Umfragen zeigen, dass eine Mehrheit der Bevölkerung die Massnahmen zur Eindämmung der Pandemie für angemessen hält. Das Vertrauen in die Demokratie ist intakt.
Doch auch der Bundesrat weiss: Es gibt Widerstand. «Manche Leute fordern, alles zu schliessen und dass niemand das Haus verlassen soll. Andere finden, dass das Virus gar nicht existiert. Beide Extrempositionen sind nicht haltbar für ein Land.»
Doch was sagt der BAG-Chef zu Stimmen, die Covid-19 mit einer schweren Grippe vergleichen? «Es ist zum Glück kein Virus, das die Hälfte der Bevölkerung töten würde. Aber es ist viel gravierender als eine Grippe.» Zudem seien Ältere und Menschen mit Vorerkrankungen besonders von schweren Krankheitsverläufen bedroht.

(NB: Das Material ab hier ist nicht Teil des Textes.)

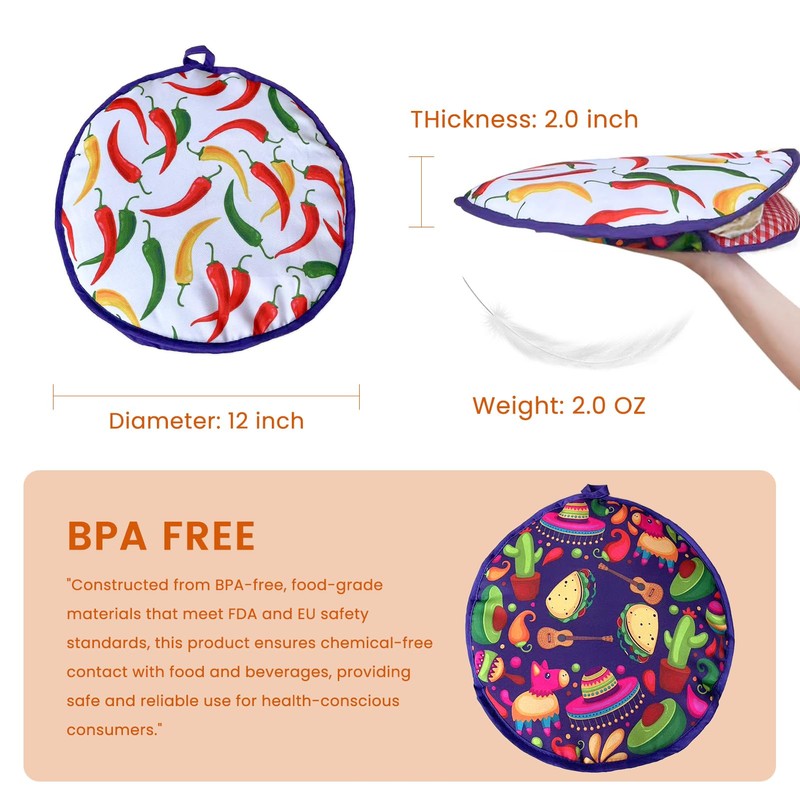 - [Microwave & Cleanup Friendly] Just pop it in the microwave and enjoy evenly warmed tortillas in minutes. The hand-washable polyester material dries quickly and resists stains, making maintenance effortless.
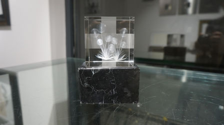 8 x 8 cm, kristal cam, lazer kazıma (İstenirse, duvara asılma aparatı ile birlikte )
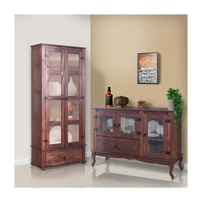 Balcão Cristaleira Madeira Rustica Imbuia Denk
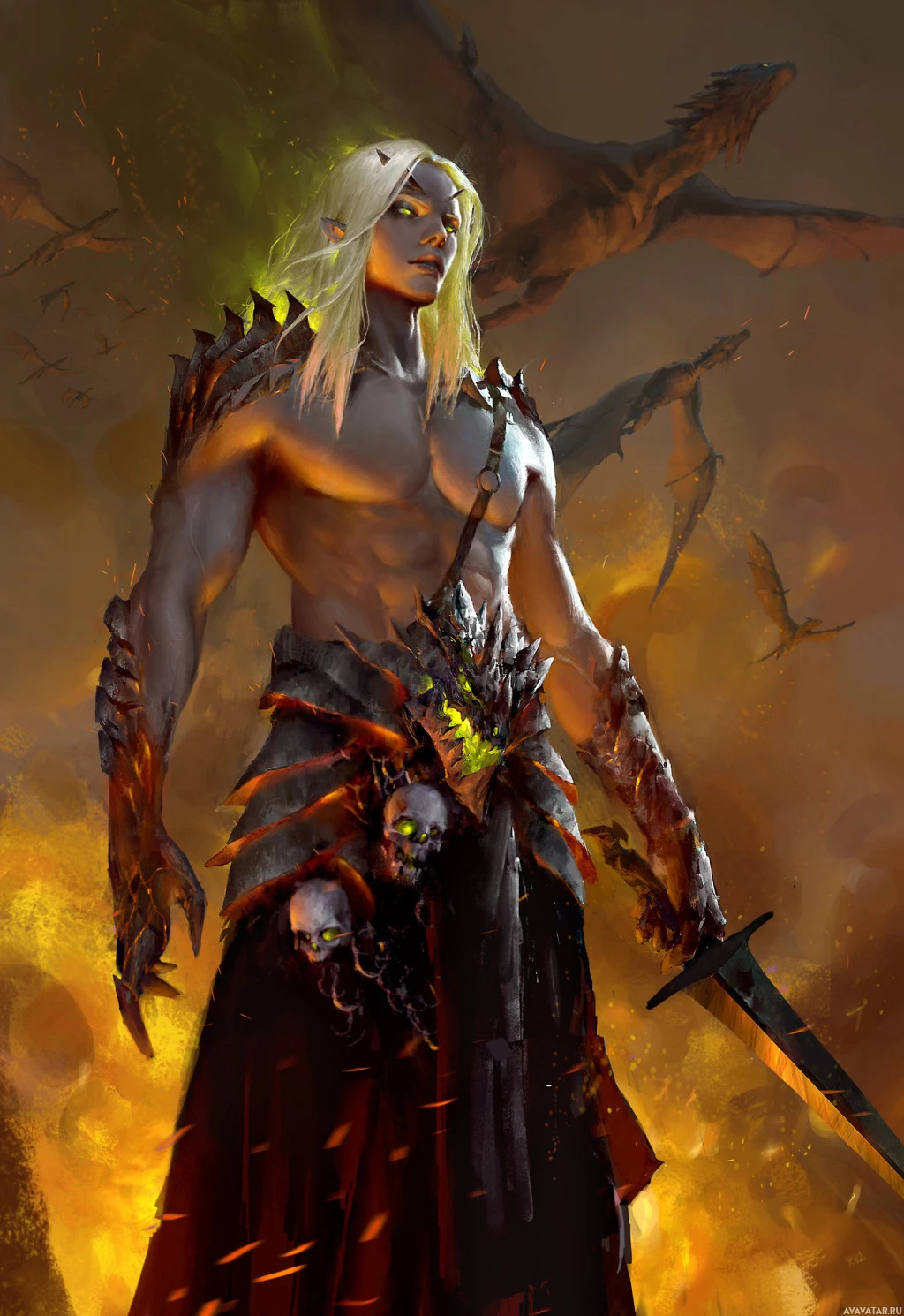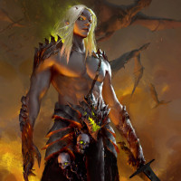 blonde hair, and they are wearing armor that looks like it could be part of the Drow race. The armor includes spiky elements, suggesting a warrior or combatant type. In their hands, they hold a pair of swords crossed in front of them. The background has an ominous, fiery appearance with what appear to be flames or lava flowing around, which could indicate a volcanic or hellish environment. This character is presented in a pose that suggests
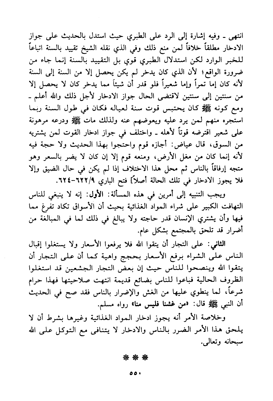 انتهى. وفيه إشارة إلى الرد على الطبري حيث استدل بالحديث على جواز الادخار مطلقاً خلافاً لمن منع ذلك وفي الذي نقله الشيخ تقييد بالسنة اتباعاً للخبر الوارد لكن استدلال الطبري قوي بل التقييد بالسنة إنما جاء من ضرورة الواقع لأن الذي كان يدخر لم يكن يحصل إلا من السنة إلى السنة لأنه كان إما تمراً وإما شعيراً فلو قدر أن شيئاًَ مما يدخر كان لا يحصل إلا من سنتين إلى سنتين لاقتضى الحال جواز الادخار لأجل ذلك والله أعلم. ومع كونه - صَلَّى اللهُ عَلَيْهِ وَسَلَّمَ - كان يحتبس قوت سنة لعياله فكان في طول السنة ربما استجره منهم لمن يرد عليه ويعوضهم عنه ولذلك مات - صَلَّى اللهُ عَلَيْهِ وَسَلَّمَ - ودرعه مرهونة على شعير اقترضه قوتاً لأهله. واختلف في جواز ادخار القوت لمن ......
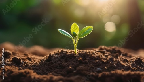 Close-up of a tiny seedling sprouting from the soil, representing growth, potential, and transformation
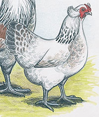 | This unusual breeds gets its name from the indian tribe of chile where they were first discovered. Araucanas lay beautiful colored eggs of blu-green shades from turquoise to deep olive. These natural easter Eggs will amaze your friends and make a great "Show to tell" project for school. Baby chicks come in all colors. They are recommended for egg laying color and ability and not for exhibition. |
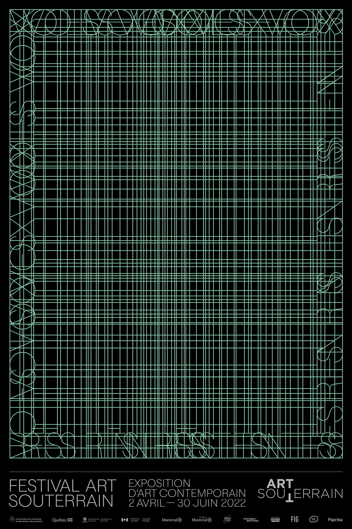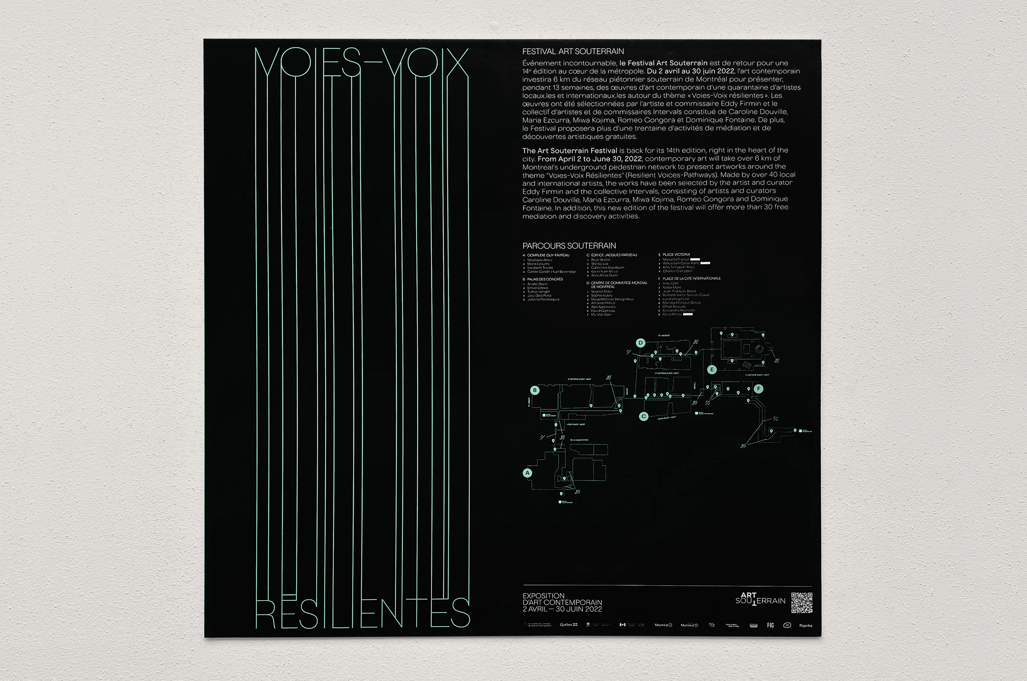 The identity for the 2022 edition, Voies-Voix Résilientes (Resilient Voices-Pathways), was designed by Paprika using Oldschool Grotesk Air for animations and posters, as well as other weights of the family for info texts and signage.

Leben wir in einer «Expertokratie»?
Berset stellt weiter klar, dass er nicht seine persönliche Meinung wiedergebe. «Ich bin kein Arzt. Ich stütze mich auf die wissenschaftliche Taskforce des Bundes. Sie sagt eindeutig: Es ist eine ernstzunehmende Situation.» Die Schweiz verfüge über herausragende Wissenschaftlerinnen und Wissenschaftler – diese seien in der Taskforce versammelt. «Von diesen Kenntnissen müssen wir profitieren.»
Der Bundesrat übersetze die Erkenntnisse der Wissenschaft in Politik. «Es gehört nicht zur Aufgabe der Science-Taskforce, die Politik zu führen. Wir fällen die Entscheide.» Die Maxime des Gesundheitsministers: Nicht übertreiben, aber auch nicht unterschätzen. Zudem würden auch Stimmen aus der Gesellschaft und der Wirtschaft berücksichtigt, versichert Berset.
Es ist eine Ehre, in so einer schwierigen Situation für das Land arbeiten zu dürfen.
Auf den Job von Exekutivpolitikern, die unpopuläre Entscheide mit möglicherweise gravierenden Folgen fällen müssen, ist derzeit niemand neidisch. Am Ende müssen sie Verantwortung übernehmen.
Schlaflose Nächte
Berset räumt ein, dass das nicht immer einfach ist. «Es ist ein Unterschied, eine Meinung zu haben oder entscheiden zu müssen.» Die Aufgabe sei sehr anspruchsvoll. «Ich bin aber auch dankbar. Es ist eine Ehre, in so einer schwierigen Situation für das Land arbeiten zu dürfen.»
Er wache immer wieder nachts auf und zweifle, ob diese Massnahme oder jene Verordnung die richtige sei: «Das Wichtigste in der Krisenbewältigung ist aber nicht, Fehler zu vermeiden – sondern Fehler so rasch wie möglich zu erkennen und zu korrigieren», schliesst Berset.